Предрассветные сумерки за окошком мигом превратились в непроглядную ночную тьму. Герр Пауль задернул тяжелую штору, отгородившись ею от подступающего дня, стащил наконец с ног тяжелые жаркие сапоги, уселся за стол и стал думать, как ему быть дальше. Задумчиво ероша остатки волос на голове, он запустил руку в карман сюртука, вынул оттуда какой-то небольшой предмет и, повертев его перед глазами, бросил на стол. Увесистый металлический диск с глухим звоном подпрыгнул на столешнице и лег на краю отбрасываемого свечой светового круга. Желтые отблески огня заплясали на его тусклой поверхности, украшенной полустертым барельефом в виде головы незнакомого герру Паулю бородатого мужчины. Немец побарабанил пальцами по скатерти, снова взял со стола тяжелую старинную монету, подбросил ее в воздух и поймал с рассеянной ловкостью мошенника. Монета с отчетливым шлепком впечаталась в подставленную им ладонь; короткие пухлые пальцы герра Пауля хищно сомкнулись, спрятав монету в кулаке. Монета вызывала странное ощущение: герр Пауль не раз держал в руках старинные предметы, однако кладов до сих пор не находил, и сейчас ему казалось, что зажатый в его ладони стертый золотой кругляшок много тяжелее, чем должен бы быть.
Герр Пауль нашел эту монету минувшим вечером под завалом, в прорытой им норе, — нашел совершенно случайно, отгребая назад разрыхленную лопатой землю. Накануне он слишком устал, чтобы оценить свою находку, но сейчас, когда он сидел в тишине спящего дома и смотрел в пустоту поверх пламени свечи, ему было ясно, что он на правильном пути.

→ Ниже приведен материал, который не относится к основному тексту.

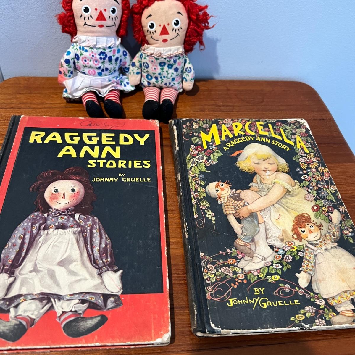 Antique Raggedy Ann Lot - 2 Books, 2 Dolls

Увы, путь этот был наглухо перегорожен обломками рухнувшего свода, убрать которые с дороги немец не мог. Он подумал, что мог бы попытаться найти обходной путь и подойти к завалу с обратной стороны, воспользовавшись каким-нибудь другим коридором. Но существовал ли он, этот коридор? Герр Пауль подозревал, что даже в таком случае потратил бы недели, а то и месяцы на то, чтобы его найти.
Но монета... Монета не могла далеко откатиться от расколотого сундука, да и Бертье на исповеди сказал, что клад накрыло обвалом раньше, чем он успел прикоснуться к золоту. Следовательно, библиотека Ивана Грозного или значительная ее часть была похоронена под спудом каменных обломков — там, под завалом, который стал непреодолимым препятствием для герра Пауля.
Пелена усталости, которая заволакивала мозг иезуита вечером, растаяла за несколько часов сна, и теперь, окончательно осознав, как близок он был к своей цели, герр Пауль едва не впал в отчаянье. Клад лежал в двух шагах от него, но добыть его не было никакой возможности. Разве что использовать порох, но тогда проще заранее объявить о своем намерении в газете — все равно на взрыв сбежится полгорода. К тому же Хесс искал не золото, а книгу — старинную рукописную книгу, и без того наверняка пребывающую в весьма плачевном состоянии. А книги и взрывы дурно сочетаются, тут уж либо одно, либо другое...
«Мне не нужно золото, плевать я на него хотел, но если найти несколько физически крепких подонков и пообещать им золото — все золото, сколько его там есть, — в обмен на стопку истлевших пергаментных листков, дело может выгореть. А подонков в этом городе — хоть пруд пруди...»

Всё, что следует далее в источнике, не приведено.